To address this formula, which consists of an independent term apart from $latex 0$, the list below modification of variable is utilized:
$$ t= tan left( dfrac {x} {2} right)$$
Thus, sine as well as cosine are shared as adheres to:
$$ cos x= dfrac {1-t ^ 2} {1+ t ^ 2} $$
$$ wrong x= dfrac {2t} {1+ t ^ 2} $$
This modification of variable is referred to as the global replacement or Weierstrass replacement.
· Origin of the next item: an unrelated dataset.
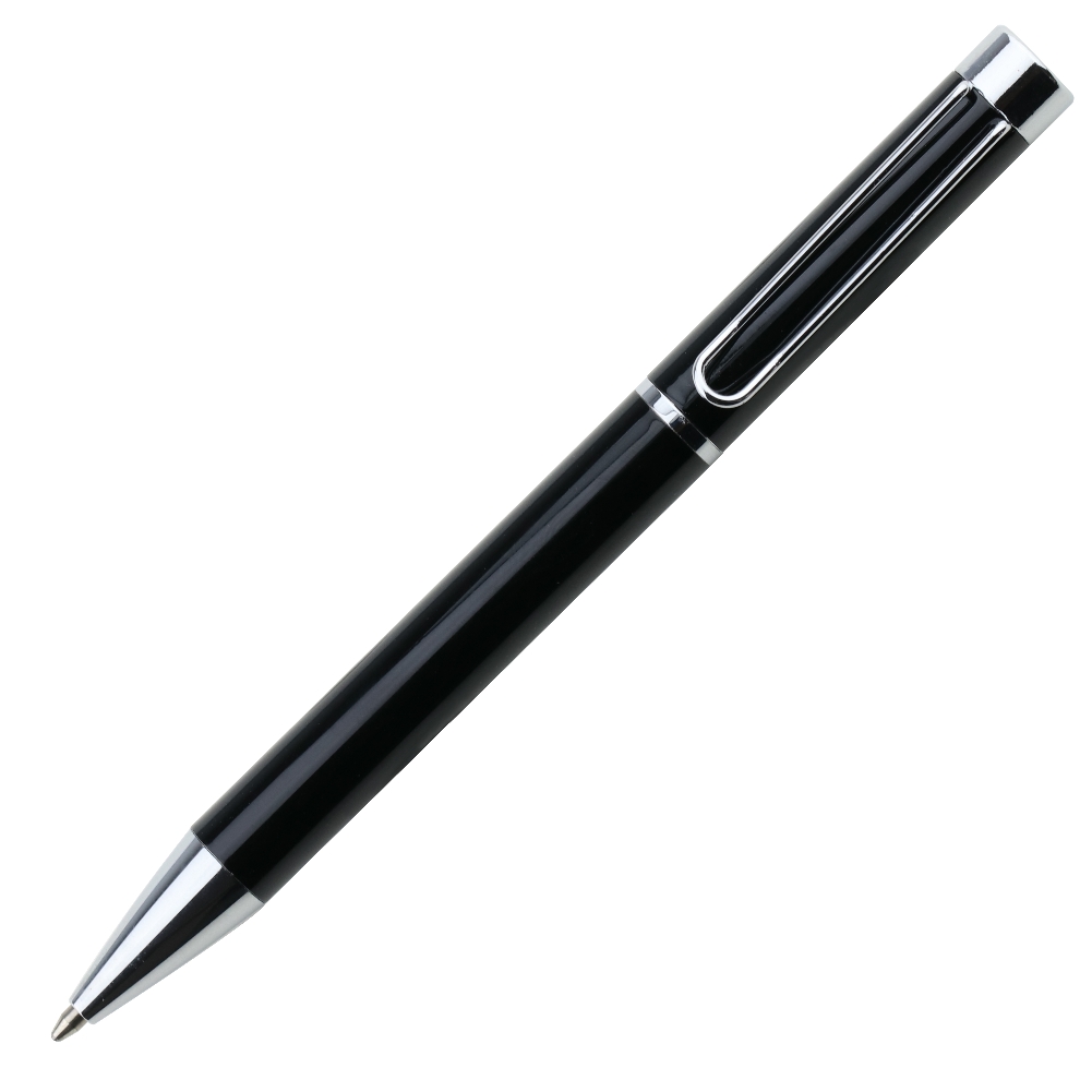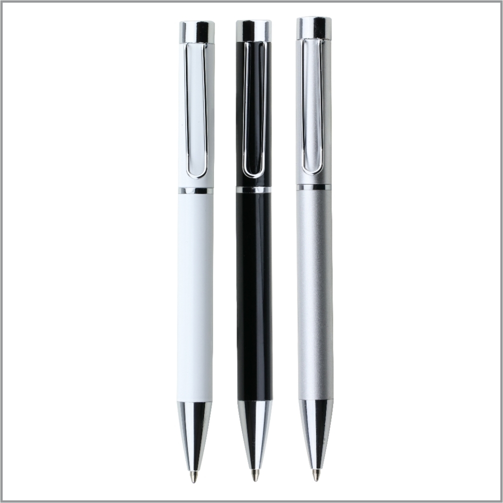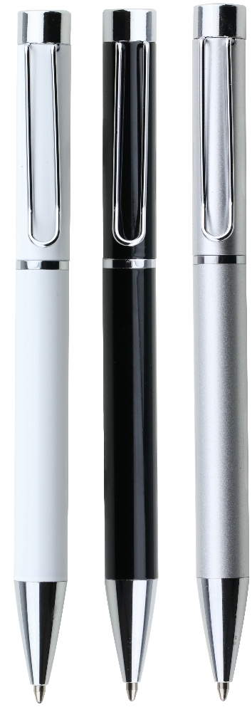 Click action. Brass pen with shiny chrome part. Barrel colour: Black, silver , white, German Documental black ink , TC nib 1.0mm, 1800m writing length, metal Parker style refill

After that, the initial formula appears like this:
$$ 4sin x +3 cos x = 3Rightarrow 4left( frac {2t} {1+ t ^ 2} right) +3 left( frac {1-t ^ 2} {1+ t ^ 2} right)= 3$$
$$ frac {8t +3 -3 t ^ 2} {1+ t ^ 2} =3Rightarrow 8t +3 -3 t ^ 2= 3 +3 t ^ 2$$
Regrouping the terms, we acquire a square formula in $latex t$:
$$ -6 t ^ 2 +8 t= 0$$
$$ 3t ^ 2-4t= 0$$
Which is addressed by factoring:
$$ 3t ^ 2-4t= 0Rightarrow t( 3t-4)= 0$$
The options are:
$ latex t_1 =0$
$ latex t_2= dfrac {4} {3} $
This cause 2 basic formulas, by replacing back:
Formula 1
$$ tan left( dfrac {x} {2} right)= 0$$
Therefore:
$ latexdfrac {x} {2} =arctan 0$
$ latex dfrac {x} {2} =0, pmpi, pm 2pi, pm 3pi, …$
$ latex x= 0, pm 2pi, pm 4pi, pm 6pi, …$
$ latex x= 2kpi= 2kcdot 360º$
Where $latex k$ is an integer.
Formula 2
$$ tan left( dfrac {x} {2} right)= dfrac {4} {3} $$
We reason that:
$ latex dfrac {x} {2} =arctan left( dfrac {4} {3} right)= 53.1 º$
Therefore, the major option, which remains in the interval$ latex 0leq xleq 360º $, is:
$ latex x= 106.2 º$
Furthermore, the angles $latex -253.8 º, 466.2 º, …$ are likewise options of the suggested formula, considering that the tangent feature is routine, consequently, as a whole kind, the option is provided by:
$ latex x = kcdot 360º+ 106.2 º$
Where $latex k = 0, pm 1, pm 2, pm 3 …$, that is, $latex k$ is an integer.